8 Ways That President Trump Is Hurting The Environment
Feb. 17 – Trump Nominee Scott Pruitt Confirmed to Head EPA
Trump’s selection of Pruitt to head the EPA is seen by many as an outright declaration of war on the environment. As attorney general for Oklahoma, Pruitt frequently sued the EPA over its regulations, most notably leading a 27-state lawsuit against the Clean Power Plan. Pruitt infamously dismisses scientific evidence to the contrary and claims to believe that carbon emissions play no role in climate change. Many see this appointment as the first in a series of steeps aimed at dismantling the agency.
Feb. 28 – Trump Moves to Repeal Obama-Era Protections
President Trump signed a series of executive orders undoing many of the environmental protections put in place under the previous administration. These orders deal with a range of environmental issues, such as expanding wind and solar energy, restrictions on the expansion of coal mining, reducing carbon emissions, and more stringent emission standards for automobiles. Among them was an executive order calling for a review of the “Waters of the United States” rule, in which Trump said he is “paving the way for the elimination” of the rule. An executive order from Trump in March 2017 laid the groundwork for repealing the Clean Power Plan, which establishes environmental controls on energy providers.

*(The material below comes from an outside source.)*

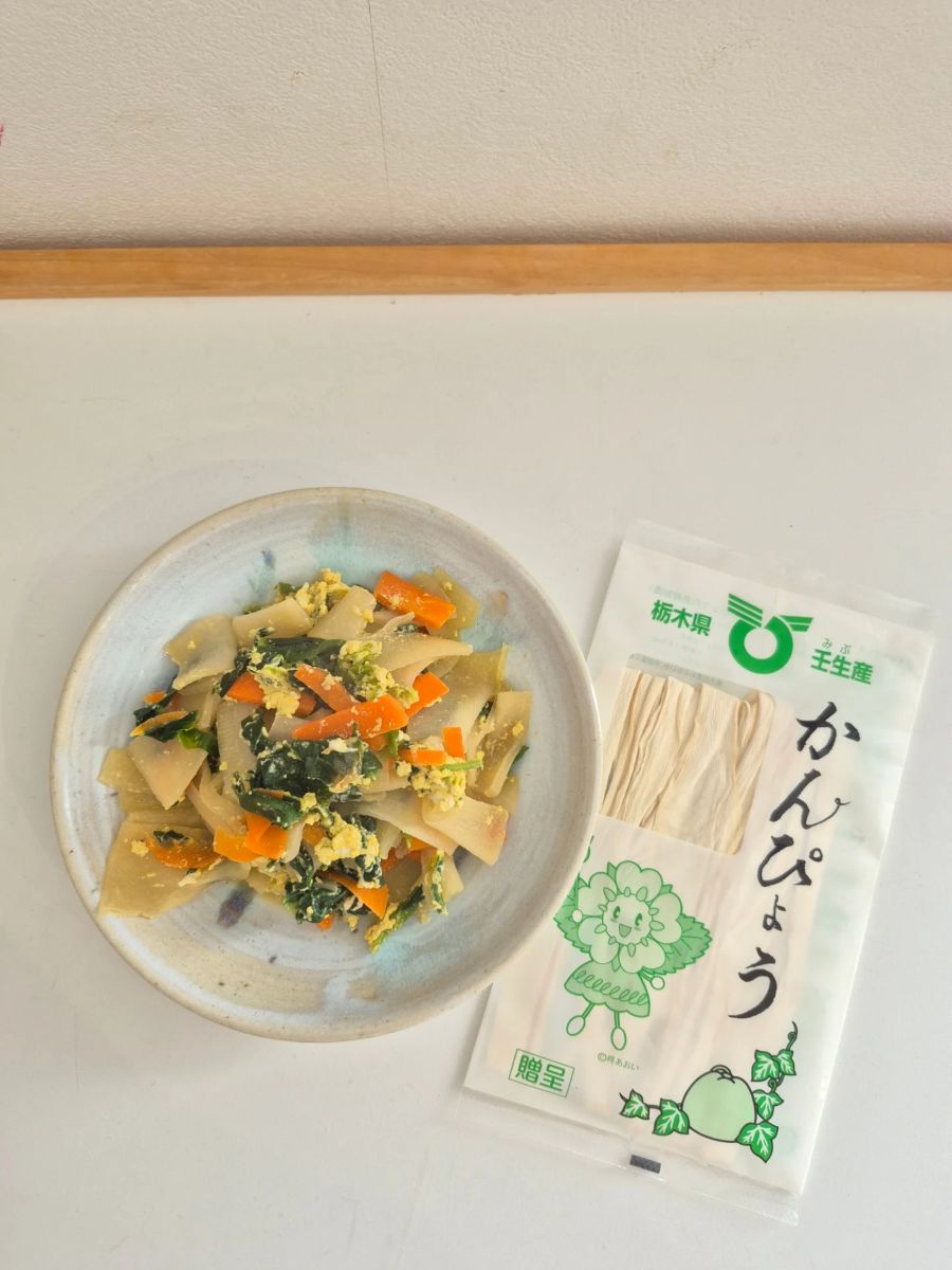 かんぴょうは夕顔(ユウガオ)の果肉を 乾燥かんぴょうには食物繊維が30.1g/100gに加え 低カロリーなので かんぴょうは栃木県の名産品🙌🏻 ✔️ かんぴょう炊き込みご飯 ✔️かんぴょう入り卵焼き ✔️生ハムかんぴょうサラダ お料理で使用したかんぴょうはいずれも 栄養豊富でアレンジしやすいかんぴょう

April 28 – Executive Order Aims to Expand Offshore Drilling
President Trump signed an executive order directing Secretary of the Interior Ryan Zinke to explore the potential of drilling for oil and gas in offshore sites including the Gulf Coast, which had been protected from further energy exploration activity since 2010 due to the BP oil spill. This order instructs the Secretary to review Atlantic and Arctic offshore locations placed under permanent bans by the Obama administration in 2016. Other potential drilling areas include the Bering Sea and Antarctic coasts. This order also prohibits the designation or expansion of National Marine Sanctuaries without an estimate of the area’s “energy or mineral resource potential” from the Department of the Interior.

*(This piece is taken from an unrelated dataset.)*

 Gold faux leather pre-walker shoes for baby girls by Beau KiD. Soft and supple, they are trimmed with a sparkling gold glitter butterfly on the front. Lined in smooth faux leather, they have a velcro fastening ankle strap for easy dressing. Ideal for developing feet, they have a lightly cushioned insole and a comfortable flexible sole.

April 28 – EPA Wipes Climate Change Website
Visitors to the EPA’s climate change website, highly regarded as the collaborative effort of numerous segments of the scientific community, were informed that the EPA was reviewing its web content and updating its site to reflect the current administration’s priorities. The site was considered a reliable, nonpartisan source of climate information accumulated from every region of the nation. The site has since been restored, but the EPA home page no longer contains a link to the climate change web page. Critics claim that it was an attempt to scrub evidence pointing to the link between humans, hydrocarbon fuel consumption, and the role of greenhouse gases in climate change.